Article | La vie avec un grand L
Article de Alice Courtright, paru dans le magazine web Fjord Review
Article en anglais, traduction libre de l'ESBQ
Lors des bombardements de Berlin pendant la Seconde Guerre mondiale, la jeune danseuse Ludmilla Chiriaeff (née Otzoup Gorny) attendait avec son père dans un abri antiaérien de fortune. Alexandre Otzoup était un écrivain et poète doté d'une imagination débordante, qui se réunissait régulièrement avec d'autres émigrés russes pour partager son travail et discuter.
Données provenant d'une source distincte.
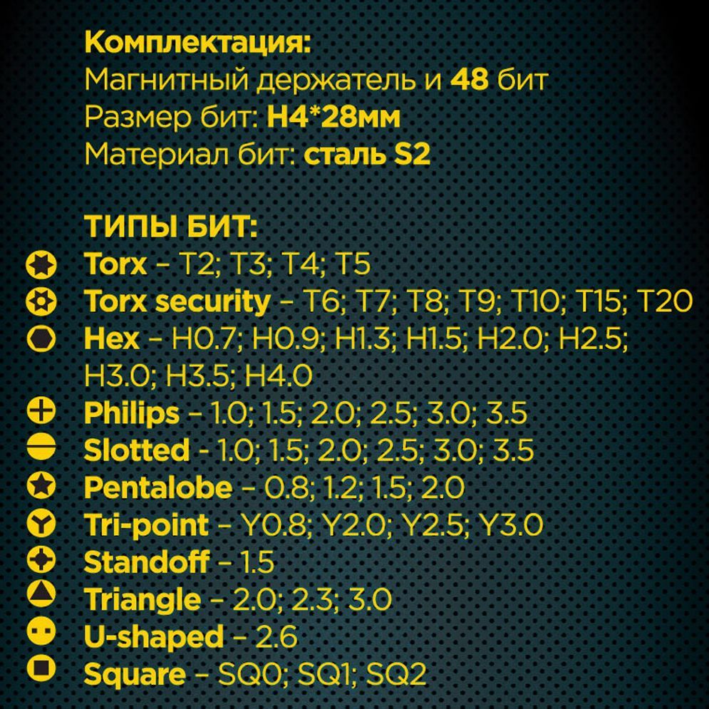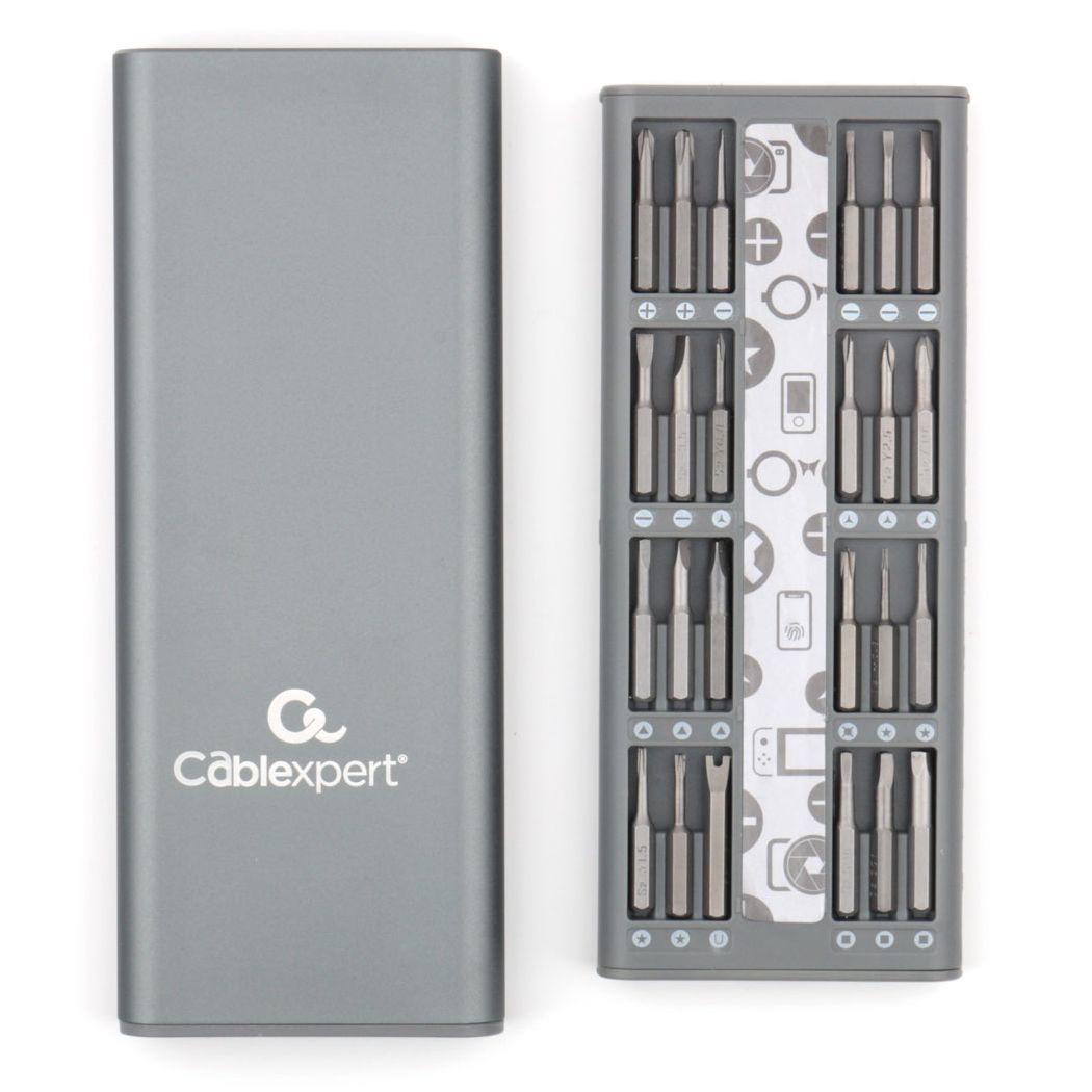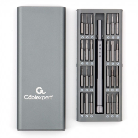 Cablexpert TK-SD-08R - набор из отвертки с магнитным держателем и 48 бит. Биты выполнены из легированной стали S2. Эргономичная рукоятка отвёртки имеет нескользящее покрытие и вращающуюся верхушку держателя, которая обеспечивает комфорт работы даже с "закисшими" винтами. Для удобного хранения и транспортировки набор укомплектован пластиковым кейсом с магнитными фиксаторами для каждой биты.
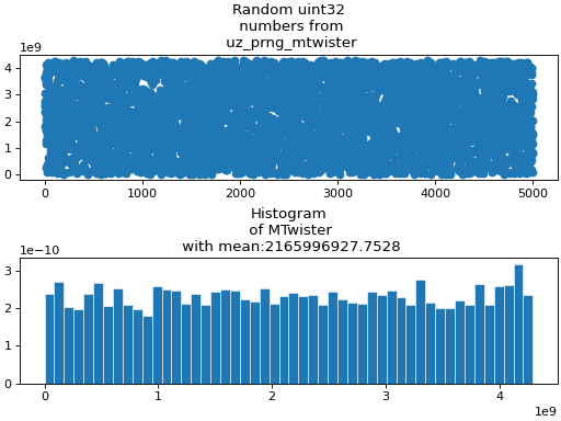 The following figures shows the generation of 5000 random numbers using the Mersenne Twister. Additionally, the Histogram of the generated values is shown. The generated random values are uniformly distributed, but not in a perfect manner. The specific pattern and distribution depends on the random seed.

Ludmilla Chiriaeff. Photograph by Henri Paul
Il a réconforté sa fille, et sa consolation a façonné sa compréhension et, plus tard, la trajectoire de sa vie. En sortant à la lumière du jour après le bombardement, Chiriaeff a raconté plus tard dans une interview, ils ont vu : une maison qui ruisselait de phosphore, où les bords des fenêtres brûlaient autour des flammes. Et mon père a dit : « Regardez ! Je ne suis pas fou, regardez, cette maison ressemble à Mozart. » Et la maison suivante, où les flammes venaient directement du sous-sol, il a dit : « Ça, c'est Wagner. » Il m'a donné un moyen de surmonter les horreurs de la guerre. Et donc, la survie est devenue une force que j'ai choisie pour surmonter la destruction dont j'étais témoin autour de moi. J'avais vraiment le sentiment, le sentiment très profond, que j'avais survécu pour une raison, et que j'avais une mission, un devoir de faire quelque chose, que j'étais vraiment à la recherche de ma vie. Où est ma place ?
Ludmilla Chiriaeff
Quelques mois plus tard, Chiriaeff, soliste à l’Opéra de Berlin, découvre les ruines de sa vieille maison. Elle est frappée par la fleur d’une petite plante qui pousse dans les décombres. C’est une pomme de terre qui a germé dans la cave. Comme son père, elle lit cette scène de manière symbolique, comme un témoignage de résilience : « J’ai compris que c’est ça la vie. La vie avec un grand V. Que la vie ne s’arrête jamais, qu’il faut continuer, qu’il faut chercher, qu’il faut se battre et ne jamais s’arrêter. Car la vie, c’est avancer, elle ne recule jamais, elle ne s’arrête jamais. »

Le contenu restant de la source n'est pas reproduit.